I loved reading about the New Harlem Renaissance and the rise of the black artist and writer. What has been sorely lacking in Takaki’s assessment of black history were the crucial development of black artists, writers, and poets. This, of course, can be due to the lack of education available for blacks prior to the early 20th century. I think education is essential in the rise of the arts in any community. If you were struggling to eat, you wouldn’t give much credence to the thoughts of the arts. In survival mode, the arts fall to the wayside and I’m sure can be seen as a “bourgeoisie” hobby, something available only to the leisure class. Of course, this is a valid argument and not one that I am interested in participating in, especially since I think that the sorrowful songs of slaves and of their African ancestors already proves a strong artistic history and tradition. W.E.B. Du Bois touches upon this point briefly in The Souls of Black Folk. I am interested in the tradition of black writers, especially those of Jean Toomer and Zora Neale Hurston.
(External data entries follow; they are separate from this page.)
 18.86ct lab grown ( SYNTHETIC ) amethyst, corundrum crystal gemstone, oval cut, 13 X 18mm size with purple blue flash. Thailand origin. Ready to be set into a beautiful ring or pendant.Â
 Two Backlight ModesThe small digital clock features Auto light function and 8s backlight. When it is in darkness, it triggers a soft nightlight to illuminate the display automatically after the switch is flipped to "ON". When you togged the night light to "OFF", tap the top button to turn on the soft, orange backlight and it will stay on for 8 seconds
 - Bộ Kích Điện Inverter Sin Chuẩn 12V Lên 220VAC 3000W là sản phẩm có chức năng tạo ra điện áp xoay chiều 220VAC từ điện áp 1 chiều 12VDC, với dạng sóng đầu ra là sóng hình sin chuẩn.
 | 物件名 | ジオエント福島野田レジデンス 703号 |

These two writers were both biracial and struggled to define themselves outside of their “black” designation. Toomer wanted to be recognized as “American” and Hurston navigated the similarities and disparities between race and gender.
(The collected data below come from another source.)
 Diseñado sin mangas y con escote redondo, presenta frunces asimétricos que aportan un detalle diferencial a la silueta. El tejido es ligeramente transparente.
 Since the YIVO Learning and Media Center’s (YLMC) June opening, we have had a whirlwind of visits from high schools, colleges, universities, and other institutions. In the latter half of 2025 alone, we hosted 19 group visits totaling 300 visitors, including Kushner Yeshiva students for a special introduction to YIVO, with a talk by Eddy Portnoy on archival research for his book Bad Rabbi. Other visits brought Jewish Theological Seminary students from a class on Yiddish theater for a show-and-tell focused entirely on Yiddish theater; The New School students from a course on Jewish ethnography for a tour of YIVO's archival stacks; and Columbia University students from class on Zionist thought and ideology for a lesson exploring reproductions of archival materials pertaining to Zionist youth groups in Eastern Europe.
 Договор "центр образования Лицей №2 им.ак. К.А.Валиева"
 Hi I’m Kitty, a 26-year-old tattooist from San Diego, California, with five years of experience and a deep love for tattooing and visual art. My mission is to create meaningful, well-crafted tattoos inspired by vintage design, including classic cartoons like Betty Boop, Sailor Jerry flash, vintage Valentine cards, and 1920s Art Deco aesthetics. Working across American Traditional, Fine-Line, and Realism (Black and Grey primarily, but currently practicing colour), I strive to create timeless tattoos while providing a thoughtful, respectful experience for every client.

Particularly resonant in Chapter 13 was a quote from Langston Hughes regarding a black poet ashamed of his race: “No great poet has ever been afraid of being himself.” This quote can be applied to any aspect of self-hatred to due race, gender, ability, or sexual orientation.

Chapter 14 compared the disparate experience of different races during WWII. Obviously the Japanese, the Native Americans, and the European and German Jews were hit the worst. For all the liberal acclaim that FDR receives due to the New Deal (if you count liberal acclaim by the covers of The Nation that the former president has landed on. Seriously. That magazine loves FDR.), Takaki weaves an interesting tale of the balancing act the president conducted with the different races. Although I cannot fault the man for living in times of escalating racial conflict, I can still find it unconceivable that the fight for freedom was fought on the backs of subjugated races. This point was mentioned by many different historical accounts throughout the chapter. Japanese-Americans, African-Americans, Mexican-Americans, and Native-Americans, all willing to join their fellow Americans in the war, continually lamented unfavorable treatment in both the civilian and the military world.

Segregation within the army, fighting against a dictator in the throes of exerting racial superiority is so bitterly ironic. The hypocrisy was not only blinding for those Americans that felt the consistent sting of segregation and mistreatment, but also to the rest of the world looking to America as a beacon of liberty for ALL its citizens.

I’m at a loss for what else to comment on in Chapter 14 besides the necessity of the Navajo “code talkers.” How cool is that? For one shining moment, these Navajo men (I think they were all men?) played the hero to the American people and lead their troops to victory in the battle of Iwo Jima. Of course, these men were forced to go back to the reservation with extreme post-traumatic stress disorder and subsist below the poverty line. But, for one moment the white man hailed the Native-Americans as heroes. (This kind of makes me empathize with the Native-American men that chose not to fight the “white man’s war.”).